Activity — Pictures should be left out when the listing below is repeated word for word.

Data block —

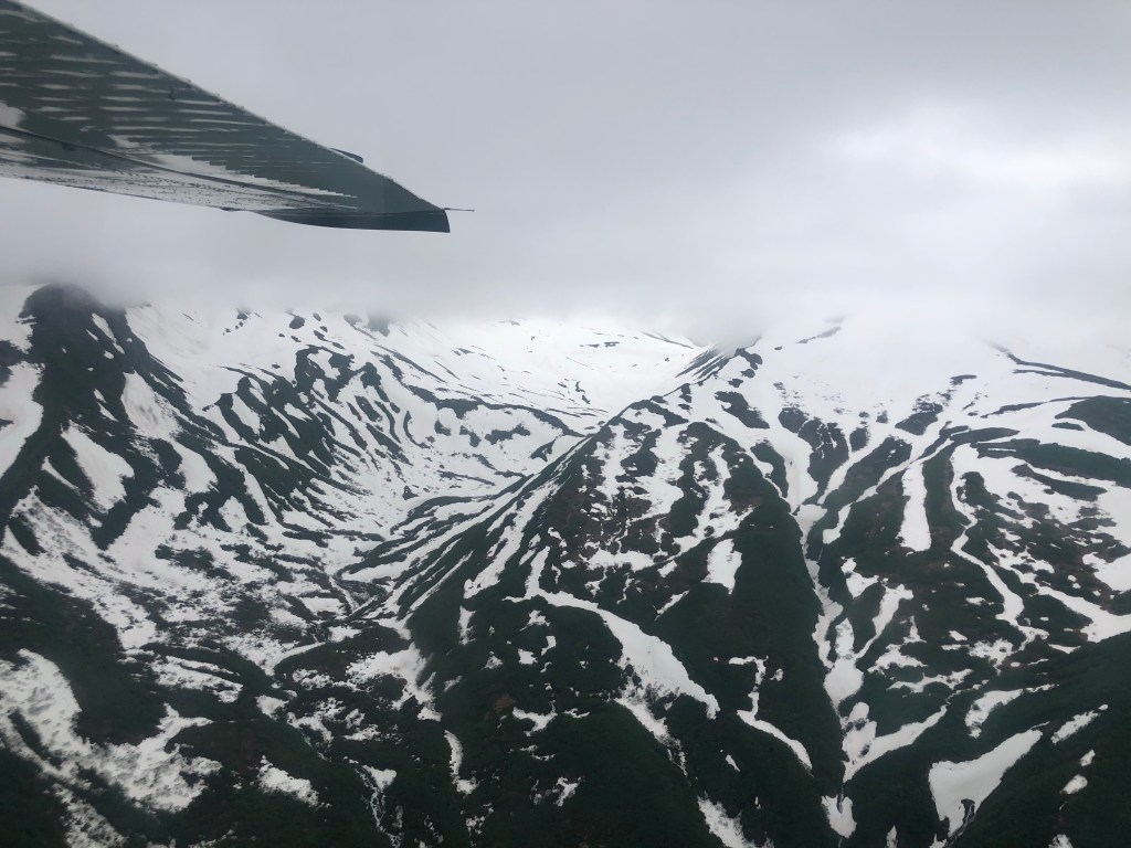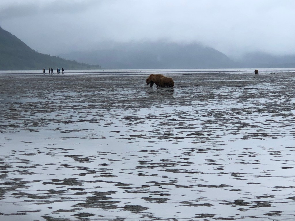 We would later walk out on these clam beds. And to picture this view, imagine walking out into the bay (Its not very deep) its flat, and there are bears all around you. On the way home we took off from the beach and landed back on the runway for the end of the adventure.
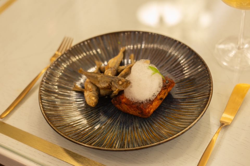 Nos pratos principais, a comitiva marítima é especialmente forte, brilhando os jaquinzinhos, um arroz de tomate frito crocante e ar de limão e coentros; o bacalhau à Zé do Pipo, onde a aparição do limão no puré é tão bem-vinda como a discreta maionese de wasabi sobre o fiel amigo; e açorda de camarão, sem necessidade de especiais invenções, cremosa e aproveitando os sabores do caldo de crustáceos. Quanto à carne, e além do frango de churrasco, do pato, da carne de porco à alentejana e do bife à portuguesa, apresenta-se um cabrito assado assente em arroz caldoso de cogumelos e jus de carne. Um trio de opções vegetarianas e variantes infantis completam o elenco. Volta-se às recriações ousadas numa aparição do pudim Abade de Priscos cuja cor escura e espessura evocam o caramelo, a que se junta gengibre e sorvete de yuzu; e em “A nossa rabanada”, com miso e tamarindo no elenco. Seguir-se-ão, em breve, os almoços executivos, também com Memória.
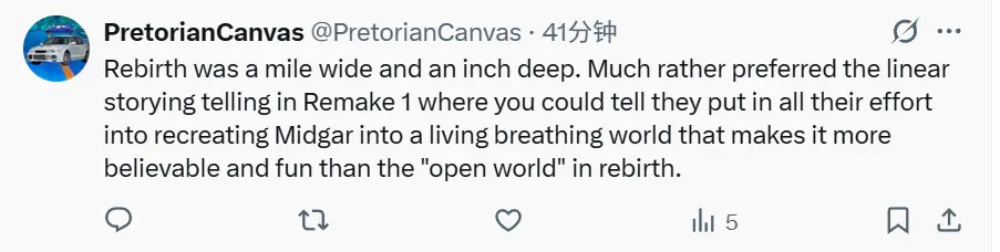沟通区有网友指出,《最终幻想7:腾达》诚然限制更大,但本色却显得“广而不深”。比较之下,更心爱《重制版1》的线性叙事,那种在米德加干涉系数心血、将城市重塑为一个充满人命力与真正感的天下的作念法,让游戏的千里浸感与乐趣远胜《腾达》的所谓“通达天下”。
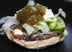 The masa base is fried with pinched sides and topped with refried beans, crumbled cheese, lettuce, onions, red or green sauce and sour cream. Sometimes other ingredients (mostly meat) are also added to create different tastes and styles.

Exercise response —
 We would later walk out on these clam beds. And to picture this view, imagine walking out into the bay (Its not very deep) its flat, and there are bears all around you. On the way home we took off from the beach and landed back on the runway for the end of the adventure.
 Nos pratos principais, a comitiva marítima é especialmente forte, brilhando os jaquinzinhos, um arroz de tomate frito crocante e ar de limão e coentros; o bacalhau à Zé do Pipo, onde a aparição do limão no puré é tão bem-vinda como a discreta maionese de wasabi sobre o fiel amigo; e açorda de camarão, sem necessidade de especiais invenções, cremosa e aproveitando os sabores do caldo de crustáceos. Quanto à carne, e além do frango de churrasco, do pato, da carne de porco à alentejana e do bife à portuguesa, apresenta-se um cabrito assado assente em arroz caldoso de cogumelos e jus de carne. Um trio de opções vegetarianas e variantes infantis completam o elenco. Volta-se às recriações ousadas numa aparição do pudim Abade de Priscos cuja cor escura e espessura evocam o caramelo, a que se junta gengibre e sorvete de yuzu; e em “A nossa rabanada”, com miso e tamarindo no elenco. Seguir-se-ão, em breve, os almoços executivos, também com Memória.
沟通区有网友指出,《最终幻想7:腾达》诚然限制更大,但本色却显得“广而不深”。比较之下,更心爱《重制版1》的线性叙事,那种在米德加干涉系数心血、将城市重塑为一个充满人命力与真正感的天下的作念法,让游戏的千里浸感与乐趣远胜《腾达》的所谓“通达天下”。
 The masa base is fried with pinched sides and topped with refried beans, crumbled cheese, lettuce, onions, red or green sauce and sour cream. Sometimes other ingredients (mostly meat) are also added to create different tastes and styles.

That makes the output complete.